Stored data

-------

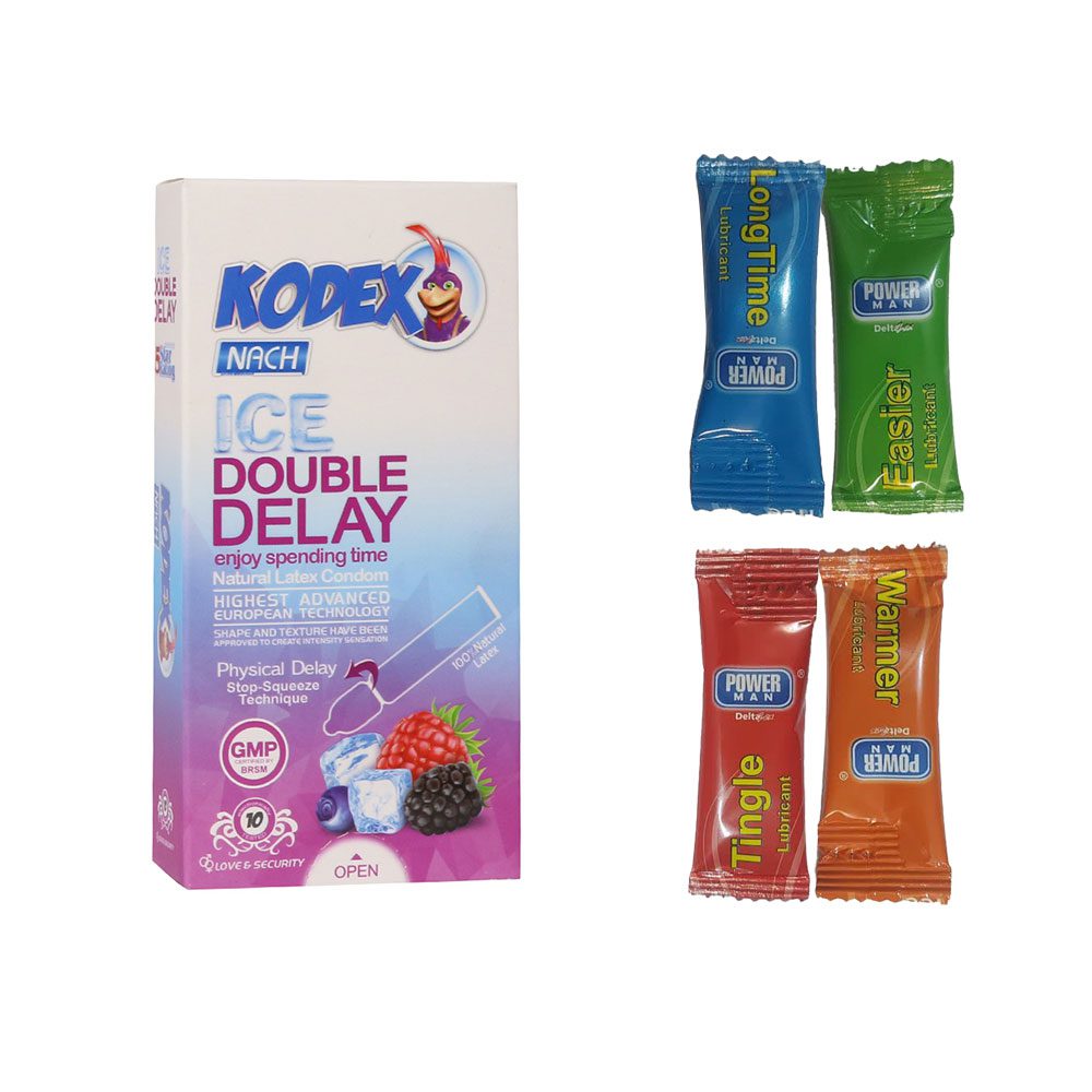خرید کاندوم کدکس تاخیری دوبل یخی با پک ژل مخصوص، این محصول که به همراه 4 بسته ژل روان کننده، تاخیری، تحریک کننده و تنگ کننده واژن ارائه شده حس متفاوتی را در روابط عاشقانه شما ایجاد می کند. با توجه به تنوع ژل ها با سلیقه افراد به طوری که یک حس جدیدی را بخواهند تجربه کنند می تواند مفید باشد. اگر به دنبال یک کاندوم با کیفیت به همراه ژل مخصوص هستید می توانید این محصول کاربردی و پرفروش را تهیه کنید.
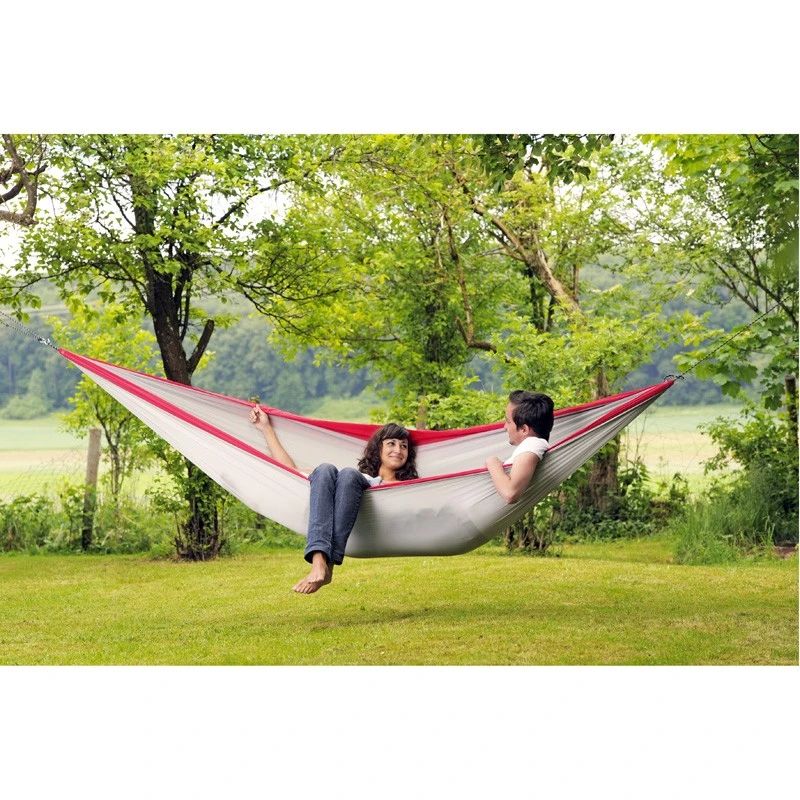 Hängematte besteht aus Fallschirmseide. Dieses Hochleistungsmaterial
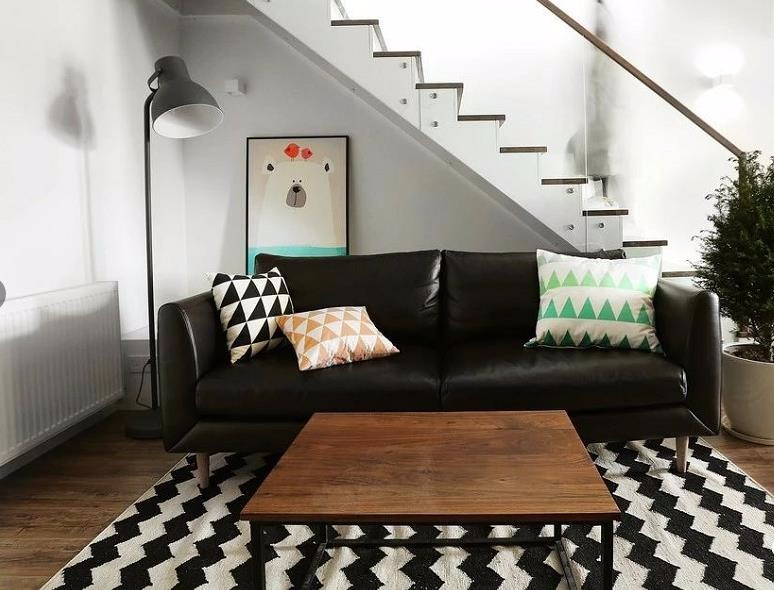 沙发背靠楼梯的情况很少
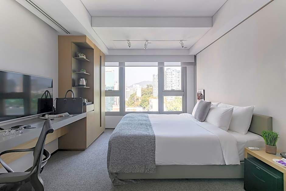 Featuring with concealed vanity and dual-head massage shower, the room allows a creative balance of living and resting space, with remarkable views of city landmarks. Remote controlled lightings, oversize flat-screen TV with state-of-the-art screen sharing and music connectivity.
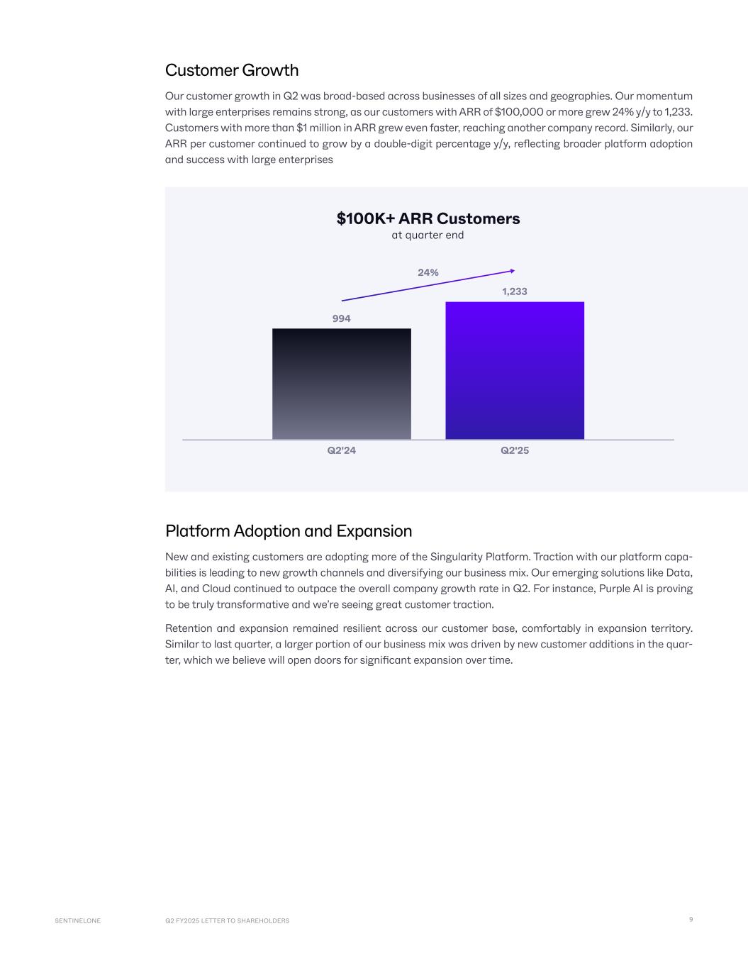 Q2 FY2025 Letter to SharehoLderSSENTINELONE 9 Customer Growth Our customer growth in Q2 was broad-based across businesses of all sizes and geographies. Our momentum with large enterprises remains strong, as our customers with ARR of $100,000 or more grew 24% y/y to 1,233. Customers with more than $1 million in ARR grew even faster, reaching another company record. Similarly, our ARR per customer continued to grow by a double-digit percentage y/y, reflecting broader platform adoption and success with large enterprises Q2'24 Q2'25 $100K+ ARR Customers at quarter end 994 24% 1,233 Platform Adoption and Expansion New and existing customers are adopting more of the Singularity Platform. Traction with our platform capa- bilities is leading to new growth channels and diversifying our business mix. Our emerging solutions like Data, AI, and Cloud continued to outpace the overall company growth rate in Q2. For instance, Purple AI is proving to be truly transformative and we’re seeing great customer traction. Retention and expansion remained resilient across our customer base, comfortably in expansion territory. Similar to last quarter, a larger portion of our business mix was driven by new customer additions in the quar- ter, which we believe will open doors for significant expansion over time.
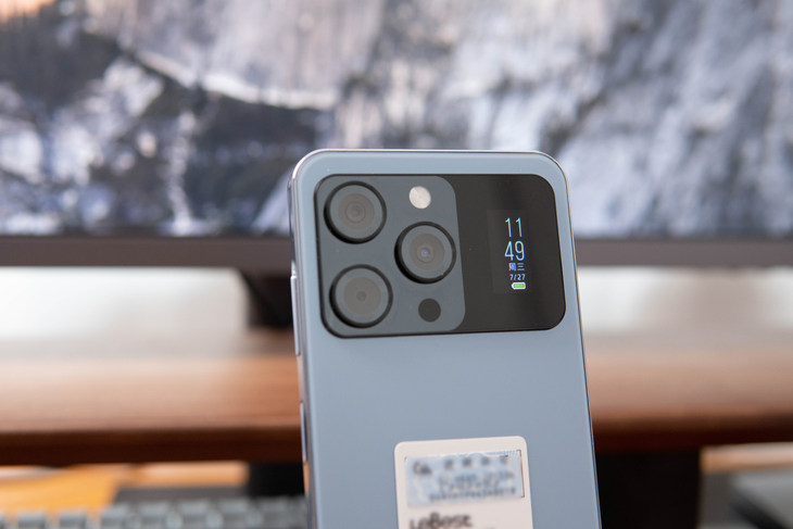 刚看到它的背面,泡哥就陷入了深深的自我怀疑……后置三摄的排布和苹果iPhone 13 Pro如出一辙,右侧却还有一块小米11 Ultra般的副屏,甚至还有点好看。
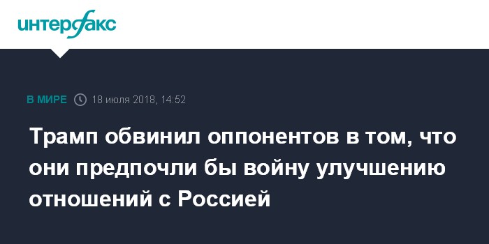 Москва. 18 июля. INTERFAX.RU - Президент США Дональд Трамп в среду обвинил своих оппонентов в том, что они предпочли бы войну улучшению отношений с Россией.
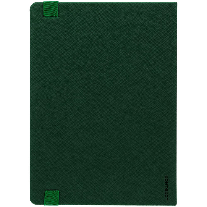 Ежедневник с твердой обложкой, выполнен из материала Nice Touch, зеленый FF, дополнен резинкой с лейблом из материала Soft Touch и ляссе в цвет обложки.
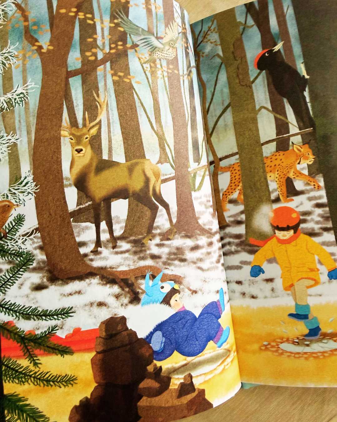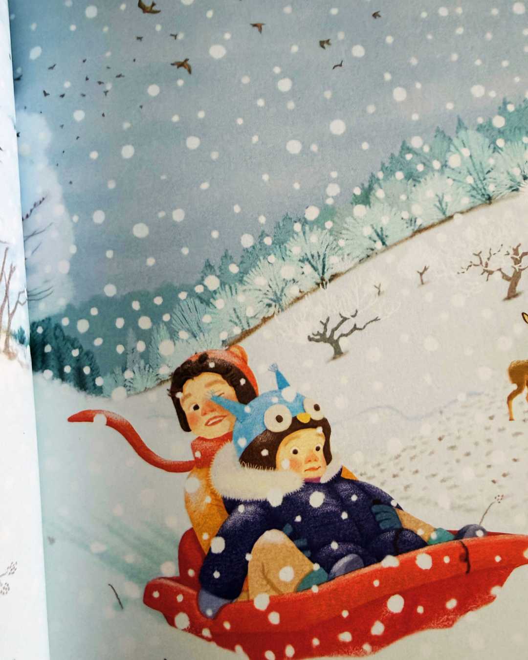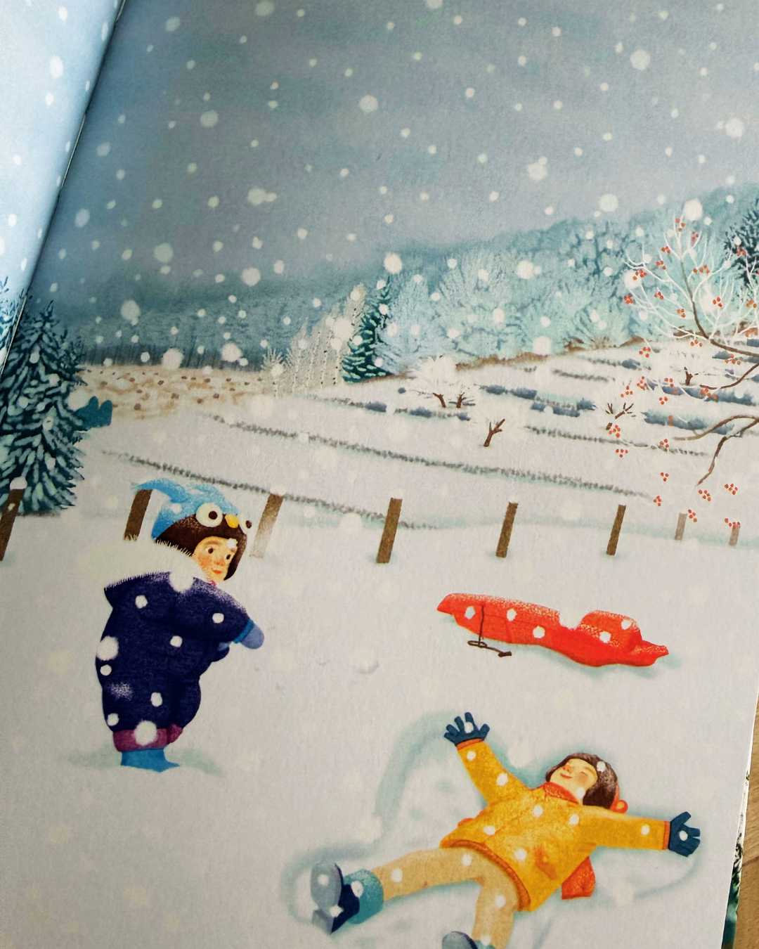 Les illustrations ont été, elles aussi, un véritable coup de cœur. Douces et délicates, elles prolongent parfaitement la poésie du texte. Les couleurs feutrées, les scènes hivernales pleines de calme et de silence créent une atmosphère enveloppante, presque réconfortante. Chaque image invite à la contemplation et accompagne le lecteur avec beaucoup de sensibilité. Elles participent pleinement à cette sensation de lenteur et de douceur qui fait tout le charme de l’album.
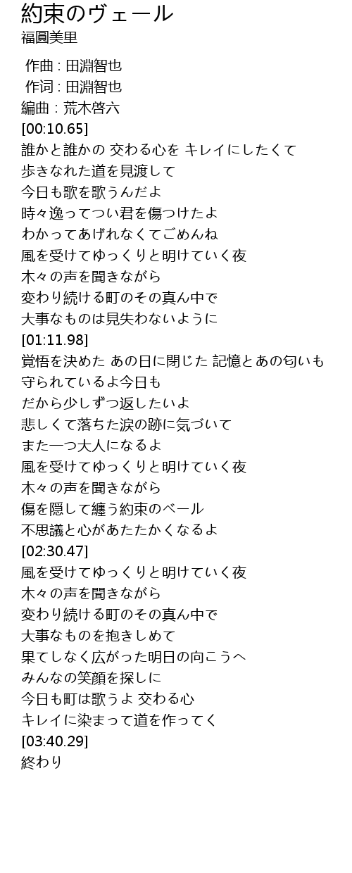 | [02:17.16] | 傷を隠して纏う約束のベール |
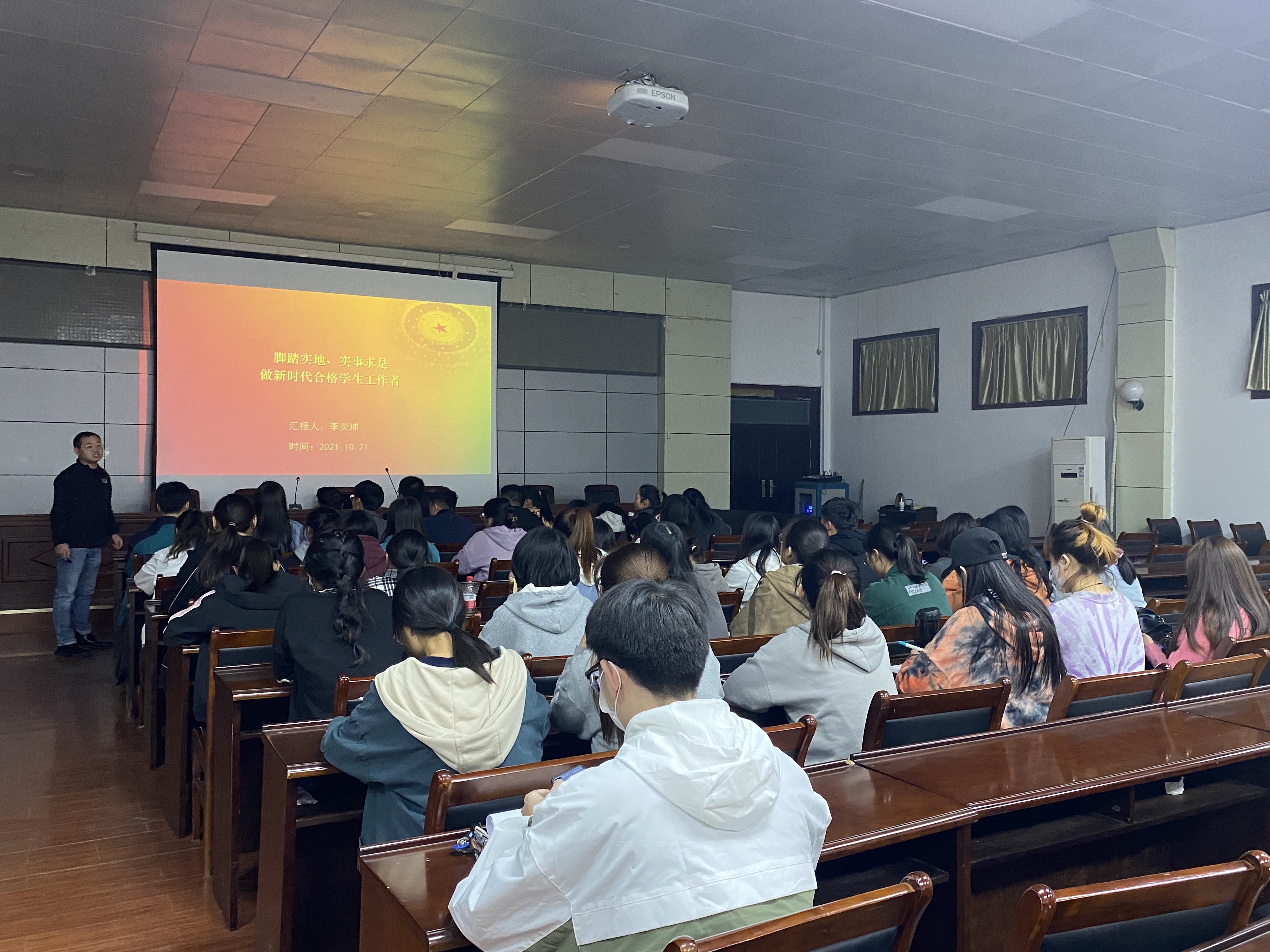 为提升员工工作人员综合素质和责任意识,太阳成集团tyc122cc于10月21日在教学楼四楼会议室举办第九届员工工作人员培训暨青马培训班。本次培训由李炎埔主讲,党团学社各员工工作人员共计80余人参加此次活动。
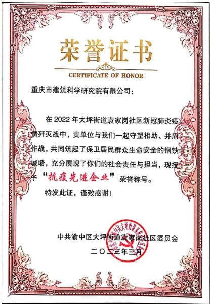 3月23日,大坪街道召開“疫”路有你,與愛同行——暨抗疫“最美黨員”表彰大會,為在2022年大坪街道袁家崗社區(qū)新冠肺炎疫情殲滅戰(zhàn)中表現(xiàn)優(yōu)秀的社會團體與個人頒發(fā)榮譽證書,市建科院公司獲“抗疫先進企業(yè)”榮譽稱號。
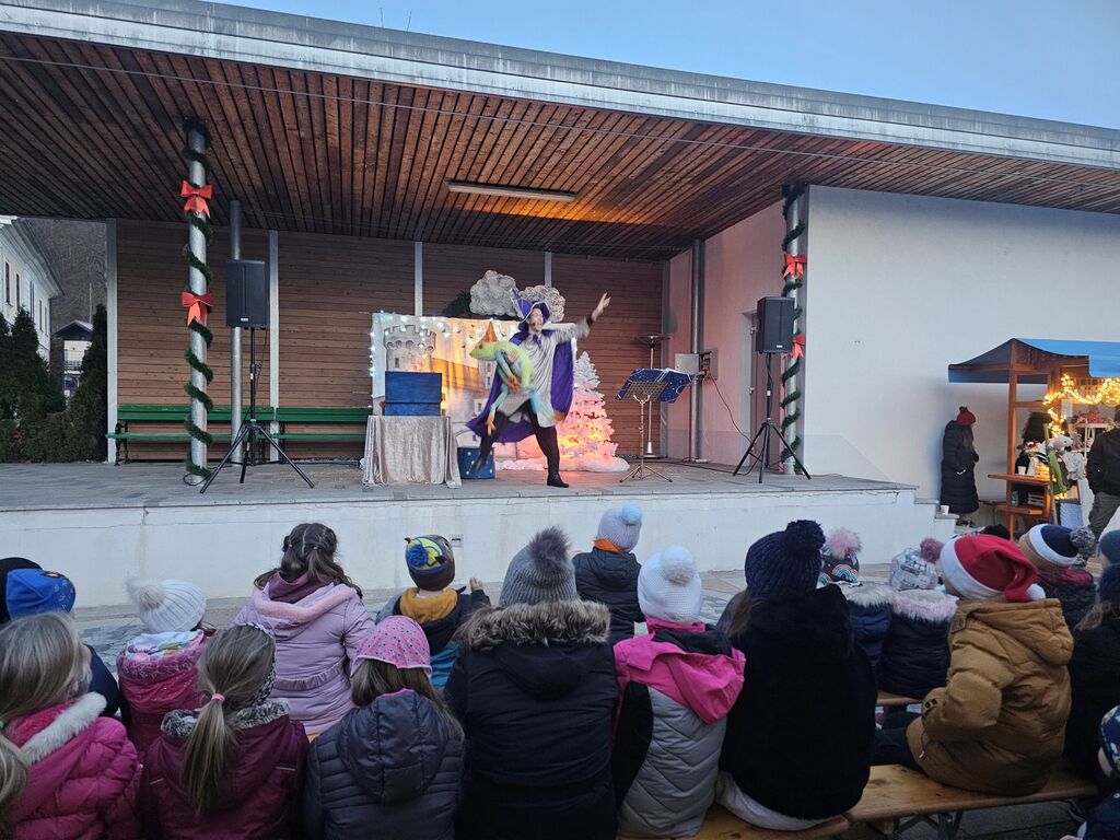 Zimska pravljica na občinskem trgu v Horjulu je dobila svoj pravi pomen z obiskom pravljične Snežne kraljice, ki se pripravlja na novoletno praznovanje in pričara celo sneg!
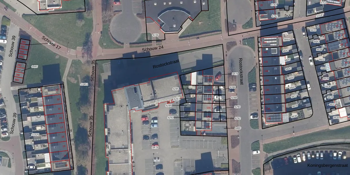 Rostockstraat 77 is gelegen op kadastraal perceel LLS00M9478. Deze kadastrale aanduiding is uniek en wordt gebruikt door het Kadaster om eigendomsrechten en andere zakelijke rechten vast te leggen. Het perceel maakt onderdeel uit van de kadastrale gemeente Lelystad.
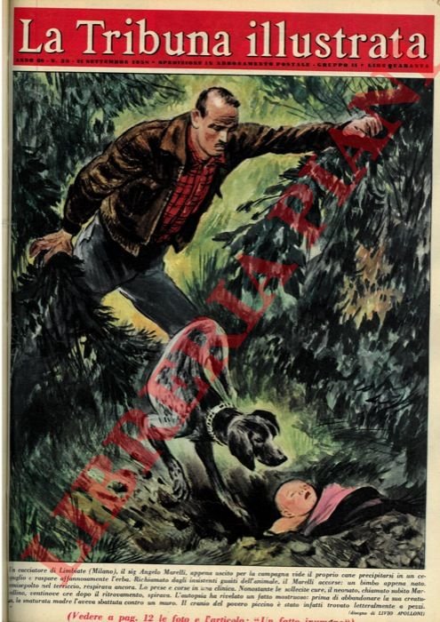Un cacciatore di Limbiate (Milano) , il sig. Angelo Marelli, appena uscito per la campagna vide il proprio cane precipitarsi in un cespuglio e raspare affannosamente l'erba. Richiamato dagli insistenti guaiti dell'animale, il Marelli accorse: un bimbo appena nato, semisepolto nel terriccio, respirava ancora. .
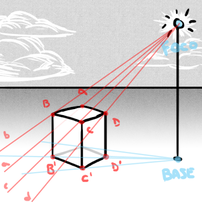 Lo primero que tenemos que hacer, una vez determinado el objeto y el foco de luz, es situar los puntos clave del objeto para tomar como referencia. El cubo va a tener un punto por cada vértice (8 puntos en total, A, B, C y D; A’, B’, C’ y D’), el foco tendrá un punto llamado (FOCO) y su base (lo que sería el pie de una farola) tendrá otro punto (BASE).

-------

◆ INSTRUCTIONS TO FOLLOW:
Reproduce word for word the lines from the one containing "Rostockstraat 77 is" through the end of the data, both ends kept. Drop the pictures.

◆ ANSWER FOR THIS EXERCISE:
 Rostockstraat 77 is gelegen op kadastraal perceel LLS00M9478. Deze kadastrale aanduiding is uniek en wordt gebruikt door het Kadaster om eigendomsrechten en andere zakelijke rechten vast te leggen. Het perceel maakt onderdeel uit van de kadastrale gemeente Lelystad.
Un cacciatore di Limbiate (Milano) , il sig. Angelo Marelli, appena uscito per la campagna vide il proprio cane precipitarsi in un cespuglio e raspare affannosamente l'erba. Richiamato dagli insistenti guaiti dell'animale, il Marelli accorse: un bimbo appena nato, semisepolto nel terriccio, respirava ancora. .
 Lo primero que tenemos que hacer, una vez determinado el objeto y el foco de luz, es situar los puntos clave del objeto para tomar como referencia. El cubo va a tener un punto por cada vértice (8 puntos en total, A, B, C y D; A’, B’, C’ y D’), el foco tendrá un punto llamado (FOCO) y su base (lo que sería el pie de una farola) tendrá otro punto (BASE).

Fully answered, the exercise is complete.